Exercise description:
Transcribe the whole listing precisely, leaving nothing out.

== == ==

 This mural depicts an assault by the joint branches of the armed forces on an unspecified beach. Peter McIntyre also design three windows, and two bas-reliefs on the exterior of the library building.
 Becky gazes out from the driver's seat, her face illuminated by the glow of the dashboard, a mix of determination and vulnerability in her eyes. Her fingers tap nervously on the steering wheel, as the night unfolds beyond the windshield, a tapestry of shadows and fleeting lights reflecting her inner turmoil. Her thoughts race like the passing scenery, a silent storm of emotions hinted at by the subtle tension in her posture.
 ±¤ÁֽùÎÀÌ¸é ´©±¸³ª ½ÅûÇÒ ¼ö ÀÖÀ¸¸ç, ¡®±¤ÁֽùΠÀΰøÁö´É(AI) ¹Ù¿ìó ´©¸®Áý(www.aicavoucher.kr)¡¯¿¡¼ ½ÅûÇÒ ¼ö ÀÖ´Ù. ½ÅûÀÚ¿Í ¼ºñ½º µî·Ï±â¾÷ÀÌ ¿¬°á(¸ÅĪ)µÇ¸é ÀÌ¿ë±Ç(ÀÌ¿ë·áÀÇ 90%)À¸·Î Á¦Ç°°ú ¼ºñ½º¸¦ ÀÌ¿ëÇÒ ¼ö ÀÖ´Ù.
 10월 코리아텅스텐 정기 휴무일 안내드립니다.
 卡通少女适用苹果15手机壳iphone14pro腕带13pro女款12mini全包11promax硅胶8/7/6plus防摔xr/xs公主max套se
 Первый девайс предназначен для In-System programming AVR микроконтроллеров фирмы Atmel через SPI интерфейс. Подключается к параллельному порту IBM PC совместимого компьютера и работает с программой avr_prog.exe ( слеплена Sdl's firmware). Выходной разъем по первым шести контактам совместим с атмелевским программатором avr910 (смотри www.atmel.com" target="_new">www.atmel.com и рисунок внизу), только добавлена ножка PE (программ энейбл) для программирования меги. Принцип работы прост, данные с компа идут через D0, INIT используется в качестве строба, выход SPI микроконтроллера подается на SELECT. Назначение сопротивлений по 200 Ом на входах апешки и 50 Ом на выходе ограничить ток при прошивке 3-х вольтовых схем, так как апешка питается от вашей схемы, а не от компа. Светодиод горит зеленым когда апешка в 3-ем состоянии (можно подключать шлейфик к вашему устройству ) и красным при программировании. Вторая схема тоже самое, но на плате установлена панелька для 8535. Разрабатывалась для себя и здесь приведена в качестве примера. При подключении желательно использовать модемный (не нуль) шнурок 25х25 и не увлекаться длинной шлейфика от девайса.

== == ==

Task result:
 This mural depicts an assault by the joint branches of the armed forces on an unspecified beach. Peter McIntyre also design three windows, and two bas-reliefs on the exterior of the library building.
 Becky gazes out from the driver's seat, her face illuminated by the glow of the dashboard, a mix of determination and vulnerability in her eyes. Her fingers tap nervously on the steering wheel, as the night unfolds beyond the windshield, a tapestry of shadows and fleeting lights reflecting her inner turmoil. Her thoughts race like the passing scenery, a silent storm of emotions hinted at by the subtle tension in her posture.
 ±¤ÁֽùÎÀÌ¸é ´©±¸³ª ½ÅûÇÒ ¼ö ÀÖÀ¸¸ç, ¡®±¤ÁֽùΠÀΰøÁö´É(AI) ¹Ù¿ìó ´©¸®Áý(www.aicavoucher.kr)¡¯¿¡¼ ½ÅûÇÒ ¼ö ÀÖ´Ù. ½ÅûÀÚ¿Í ¼ºñ½º µî·Ï±â¾÷ÀÌ ¿¬°á(¸ÅĪ)µÇ¸é ÀÌ¿ë±Ç(ÀÌ¿ë·áÀÇ 90%)À¸·Î Á¦Ç°°ú ¼ºñ½º¸¦ ÀÌ¿ëÇÒ ¼ö ÀÖ´Ù.
 10월 코리아텅스텐 정기 휴무일 안내드립니다.
 卡通少女适用苹果15手机壳iphone14pro腕带13pro女款12mini全包11promax硅胶8/7/6plus防摔xr/xs公主max套se
 Первый девайс предназначен для In-System programming AVR микроконтроллеров фирмы Atmel через SPI интерфейс. Подключается к параллельному порту IBM PC совместимого компьютера и работает с программой avr_prog.exe ( слеплена Sdl's firmware). Выходной разъем по первым шести контактам совместим с атмелевским программатором avr910 (смотри www.atmel.com" target="_new">www.atmel.com и рисунок внизу), только добавлена ножка PE (программ энейбл) для программирования меги. Принцип работы прост, данные с компа идут через D0, INIT используется в качестве строба, выход SPI микроконтроллера подается на SELECT. Назначение сопротивлений по 200 Ом на входах апешки и 50 Ом на выходе ограничить ток при прошивке 3-х вольтовых схем, так как апешка питается от вашей схемы, а не от компа. Светодиод горит зеленым когда апешка в 3-ем состоянии (можно подключать шлейфик к вашему устройству ) и красным при программировании. Вторая схема тоже самое, но на плате установлена панелька для 8535. Разрабатывалась для себя и здесь приведена в качестве примера. При подключении желательно использовать модемный (не нуль) шнурок 25х25 и не увлекаться длинной шлейфика от девайса.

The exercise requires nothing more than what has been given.